__INFORMATION SUPPLIED__.
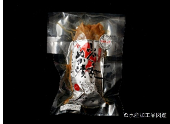
写真5 ふぐ卵巣糠漬け
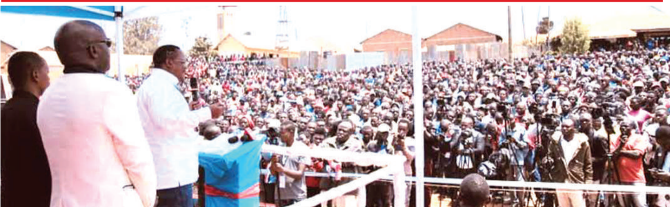
Mgombea urais kwa tiketi ya Chama cha Demokrasia na Maendeleo (CHADEMA), Tundu Lissu, akihutubia mkutano wa kampeni za uchaguzi mkuu, katika viwanja vya National Housing mjini Njombe jana.

AMGOMEA Tibaijuka kustaafu siasa, Lissu aliamsha Njombe, Membe ataja kinachomkwamisha... Endelea Ukurasa 2
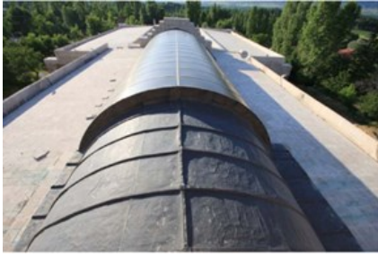
Şekil 8. Tokat Mahperi Hatun kervansarayı [37].

Kitabesine göre Sultan Melike Mahperi Hatun tarafından 1238-39 yıllarında yaptırılan kervansaray Amasya-Tokat yolu üzerinde inşa edilmiştir. Yazlık ve kışlık bölüm olarak yaptırılan kervansarayı kışlık bölümü ölçüleri 19.50x28 m, yazlık bölümü ise 33x34 m'dir. Yazlık bölümü avluyu çevreleyen revaklar ve revakla sıralanmış odalardan, kışlık bölümü iki sıra paye ile üç bölüm olarak inşa edilmiştir. Pandantif örtülü kervansaray kesme taştan yapılmıştır ve planı dikdörtgendir. Gösterişli bir giriş kapısı olan kervansarayı söz konusu kapısı Anadolu Selçuklu dönemi kervansaray yapılarındaki kapıları andırmaktadır. Günümüze beden duvarları ve portali sağlam gelmiş olan kervansarayı çatısı tümüyle yıkılmıştır. Restore edilen çatısının kışlık bölümdeki avlunun üzerine tekabül eden bölümü hafif malzeme olması açısından polikarbonat malzeme ile kemerli eyvan üzerine tekabül eden bölümü ise kurşun malzemeyle kaplanmıştır ve Şekil 8'da bu malzeme farkını görmek mümkündür [37]. Yapı günümüzde kafe, restoran olarak işlevlendirilmiştir.
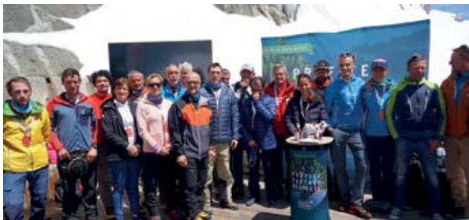
Partenaires de la Plus grande cordée au monde

Retrouvez tout le programme sur chamonix.com et chamonix.fr .

__EXERCISE BRIEF__. In the answer, repeat exactly the lines from the top of the entries above through the line with "Mgombea urais kwa", and leave pictures out of it.

__RESPONSE BELOW__.
写真5 ふぐ卵巣糠漬け
Mgombea urais kwa tiketi ya Chama cha Demokrasia na Maendeleo (CHADEMA), Tundu Lissu, akihutubia mkutano wa kampeni za uchaguzi mkuu, katika viwanja vya National Housing mjini Njombe jana.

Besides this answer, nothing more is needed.